A validator node is a someone with a computer within a peer-to-peer network that ensures consensus and validates transactions on the blockchain network. This prevents falsification and fraudulent activity, ensuring the blockchain remains trustworthy and tamper-proof.

To increase decentralization, blockchains must not create barriers or restrict / limit anyone’s ability to serve the community as a validator node.

Blockchains also need a way to incentivize users to become validator nodes. Today, ethereum does this by something called “proof of stake”, where validator nodes earn interest for their work.

Today, ethereum does a pretty good job of this by keeping block size low, meaning less computing power is needed to validate each block.

And while validator nodes on ethereum technically require 32 ETH, users can join a staking pool to participate with a small group.

How is a decentralized community of validator nodes structured?

To ensure that ethereum continues to have as many validator nodes as possible, it needs to be easy for people to serve as nodes.

Users with consumer laptops/hardware and novice technical acumen should be able to participate in the community as a validator.

Compare the two possible blockchain architectures below and how they might affect the average person’s ability to serve as a node:

  • Scenario A: Low computing power is required for validation. Someone with a regular laptop (the kind you can buy from best buy or costco or apple) is able to run a node on the network and act as a validator.
  • Scenario B: High computing power is required for validation. A network full of a high-performance servers, or million-dollar supercomputers acting as nodes.

The model described above in Scenario A is decentralized because there can be a LOT of validators and nodes ensuring that no bad actors try to take over.

In Scenario A, while maintaining decentralization, the tradeoff with having a culture of small validator nodes means the blockchain is unfortunately inefficient and less scalable than a centralized system can be.

Scenario B is way more centralized because there are fewer people that will be able to serve as a node on the network.

The small number of nodes in Scenario B could in theory work together to take advantage of some portion of users at any given time.

Although Scenario B will be highly scalable, lower cost, and will enable the network to run faster, having such a structure defeats the purpose because the whole reason blockchains are valuable in the first place is to enable decentralization.

Scenario B could be less-favorable for end users because you cannot trust the few large-scale validator nodes from acting out of self interest.

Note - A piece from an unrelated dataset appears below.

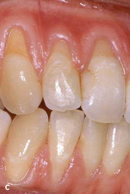 Abb. 3a bis c a) Gesundheit im intakten Parodont; b) bei stabilem Zustand nach erfolgreicher Parodontitistherapie; c) im reduzierten Parodont, das nicht durch Parodontitis (hier: Rezessionen) verursacht wurde8.

Maximizing Decentralization

To maximize decentralization, as many people as possible should be able to serve as a validator node on the network.

With present technology, true decentralized systems are great for establishing trust and avoiding but not so great for scalability.

The good news is that Ethereum will release data sharding which will increase scalability, but the risk is that, by Polynya’s estimates, it may take until 2023.

This is the world we’re living in today with Ethereum.

As Polynya describes below, based on the current state of the internet, I’m not so sure whether or not users truly do care about decentralization.

“there’s plenty of evidence from the web2 world, where the most adopted services are the ones that are most convenient, despite their overwhelming problems with privacy.” Polynya on Medium

Polynya on Medium

Perhaps some people simply want to use the most convenient blockchain with the lowest fees.

However, this partially misses the point.

In traditional models, as in Apple’s app-store, users experience fees on the backend, where the centralized entity takes a percentage cut of all app-generated revenue.

This idea came from BelugaWilliams’ tweet below.

The advantage of decentralized cryptocurrencies, albeit stressed with high-gas fees, is that creators and developers can maintain ownership of whatever they create.

What does this mean for ethereum?

Given that some users inarguably do prefer networks with lower fees, one possible outcome is that ethereum is overtaken by another, more centralized blockchain.

Although this may feel unlikely, it would be naive to ignore it as a hypothetical future scenario.

Today, ethereum does feels like the dominant chain.

More projects are built on top of ethereum than anything else.

Ethereum has created a rapidly growing application ecosystem.

From NFTs to layer 2 blockchains to lending and borrowing apps, as of right now Ethereum has more developer usage and user adoption than any other blockchain.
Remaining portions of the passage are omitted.